- **HOW TO COMPLETE THIS TASK**: Below are records with pictures. Transcribe exactly, and only, the lines from the line with "2-комнатная квартира, 37" to the line with "Misc – Women’s", both ends included, but not the pictures.

===== RECORDS FOR THE TASK

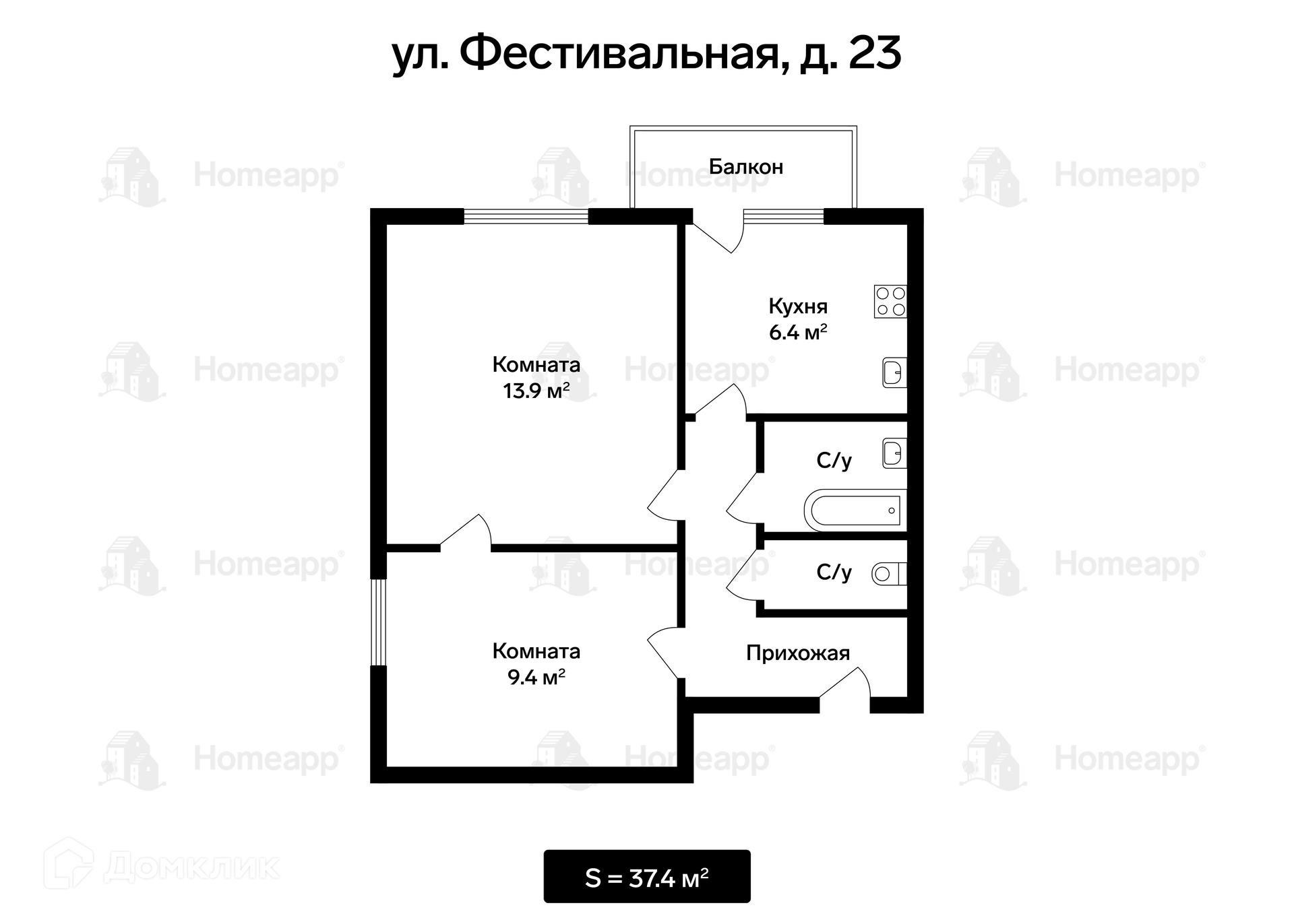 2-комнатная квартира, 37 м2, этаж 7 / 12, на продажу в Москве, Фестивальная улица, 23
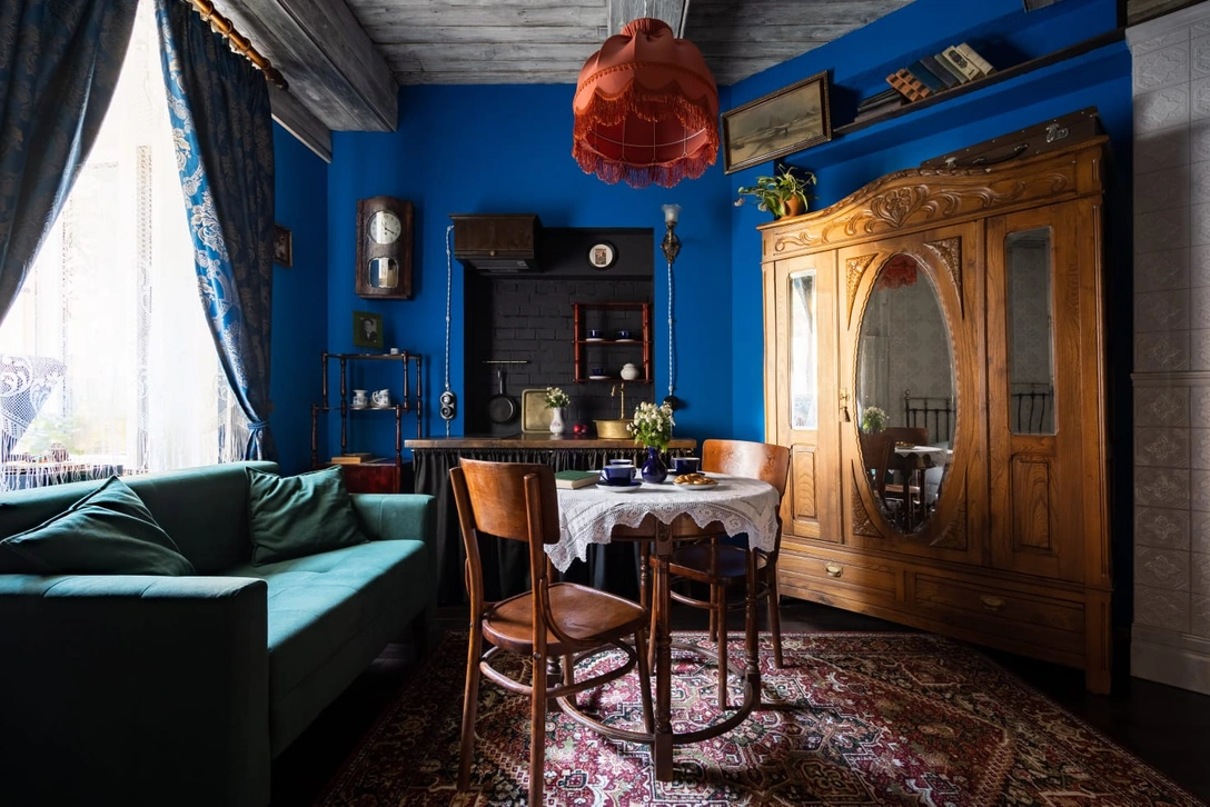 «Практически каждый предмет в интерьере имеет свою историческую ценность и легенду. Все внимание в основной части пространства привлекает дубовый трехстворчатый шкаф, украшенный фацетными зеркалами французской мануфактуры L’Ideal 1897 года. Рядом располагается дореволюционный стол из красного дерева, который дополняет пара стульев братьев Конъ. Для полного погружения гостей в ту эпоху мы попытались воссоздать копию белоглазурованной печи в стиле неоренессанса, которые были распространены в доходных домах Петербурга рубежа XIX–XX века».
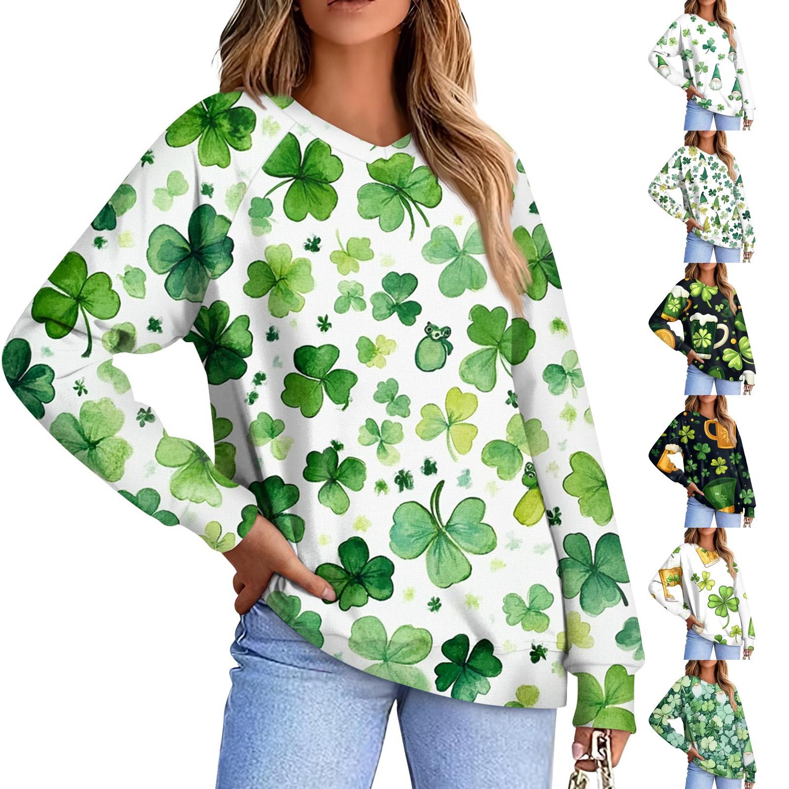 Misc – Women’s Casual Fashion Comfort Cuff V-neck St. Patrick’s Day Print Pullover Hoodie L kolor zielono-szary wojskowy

==========
===== RECORDS FOR THE TASK

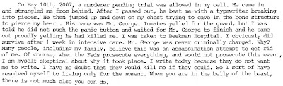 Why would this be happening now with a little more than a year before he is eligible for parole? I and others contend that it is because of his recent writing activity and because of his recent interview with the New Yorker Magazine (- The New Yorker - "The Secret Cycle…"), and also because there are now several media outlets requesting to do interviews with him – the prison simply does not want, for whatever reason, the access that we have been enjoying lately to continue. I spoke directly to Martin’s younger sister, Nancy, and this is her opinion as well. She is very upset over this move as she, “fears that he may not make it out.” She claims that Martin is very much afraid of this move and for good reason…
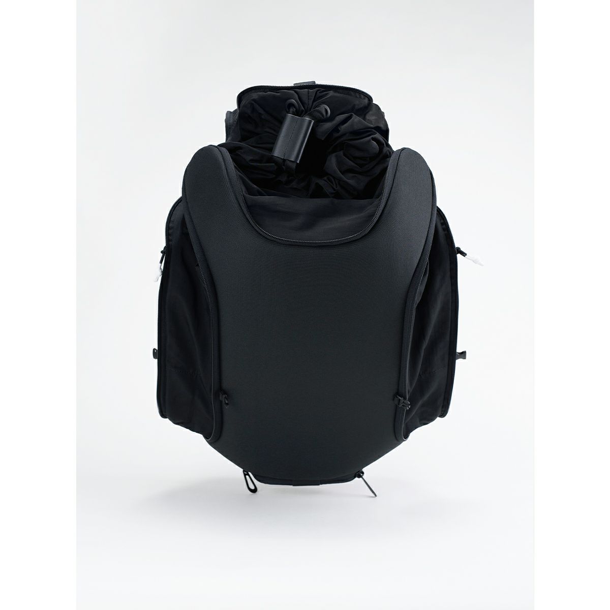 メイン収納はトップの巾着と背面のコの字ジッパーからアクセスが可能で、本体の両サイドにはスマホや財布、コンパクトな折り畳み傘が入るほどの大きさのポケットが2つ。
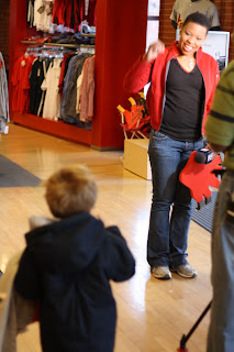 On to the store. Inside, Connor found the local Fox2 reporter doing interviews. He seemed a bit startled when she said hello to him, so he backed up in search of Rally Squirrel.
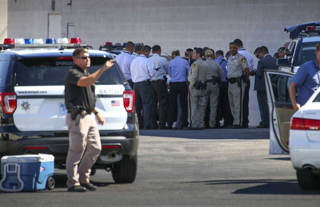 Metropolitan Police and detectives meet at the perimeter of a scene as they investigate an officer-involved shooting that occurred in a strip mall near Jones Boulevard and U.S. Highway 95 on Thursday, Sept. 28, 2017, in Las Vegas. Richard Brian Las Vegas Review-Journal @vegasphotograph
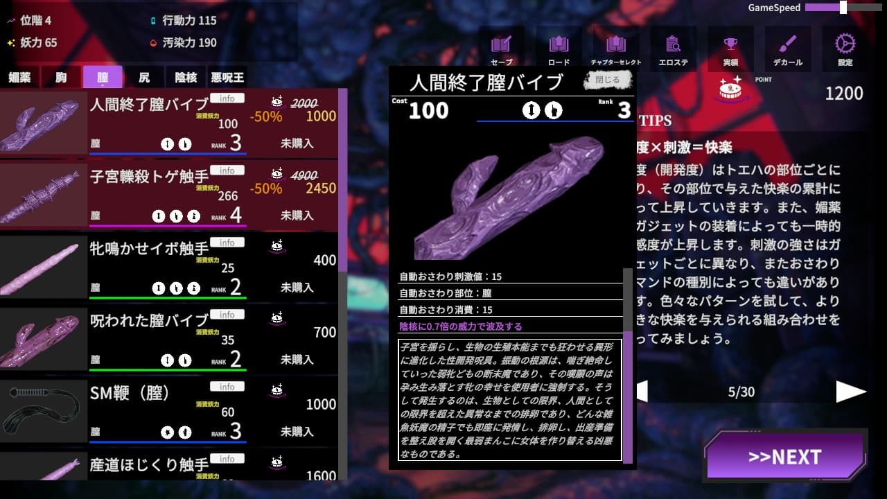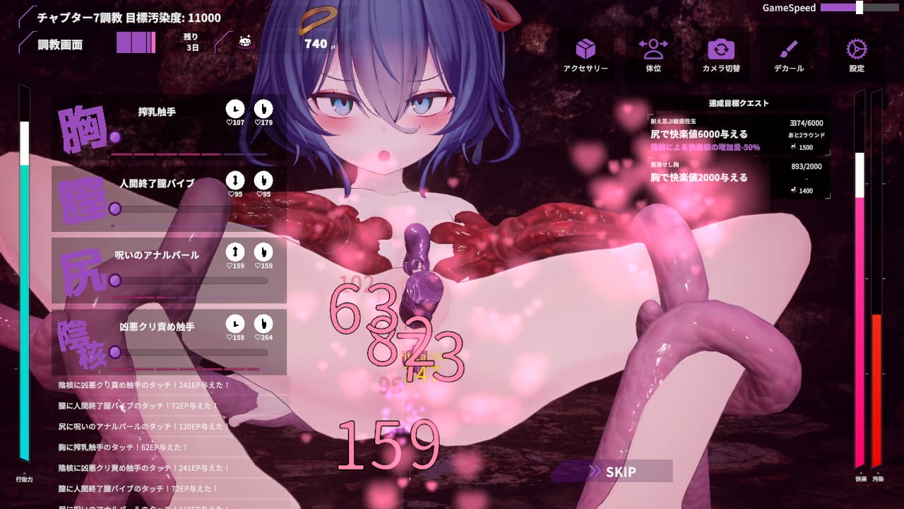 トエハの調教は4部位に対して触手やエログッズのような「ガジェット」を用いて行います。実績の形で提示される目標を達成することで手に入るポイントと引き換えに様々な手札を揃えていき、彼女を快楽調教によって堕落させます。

==========
===== RECORDS FOR THE TASK

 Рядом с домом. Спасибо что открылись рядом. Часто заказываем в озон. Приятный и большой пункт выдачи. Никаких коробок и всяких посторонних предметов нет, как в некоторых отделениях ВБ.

==========

- **SOLUTION TO THE PROBLEM**:
 2-комнатная квартира, 37 м2, этаж 7 / 12, на продажу в Москве, Фестивальная улица, 23
 «Практически каждый предмет в интерьере имеет свою историческую ценность и легенду. Все внимание в основной части пространства привлекает дубовый трехстворчатый шкаф, украшенный фацетными зеркалами французской мануфактуры L’Ideal 1897 года. Рядом располагается дореволюционный стол из красного дерева, который дополняет пара стульев братьев Конъ. Для полного погружения гостей в ту эпоху мы попытались воссоздать копию белоглазурованной печи в стиле неоренессанса, которые были распространены в доходных домах Петербурга рубежа XIX–XX века».
 Misc – Women’s Casual Fashion Comfort Cuff V-neck St. Patrick’s Day Print Pullover Hoodie L kolor zielono-szary wojskowy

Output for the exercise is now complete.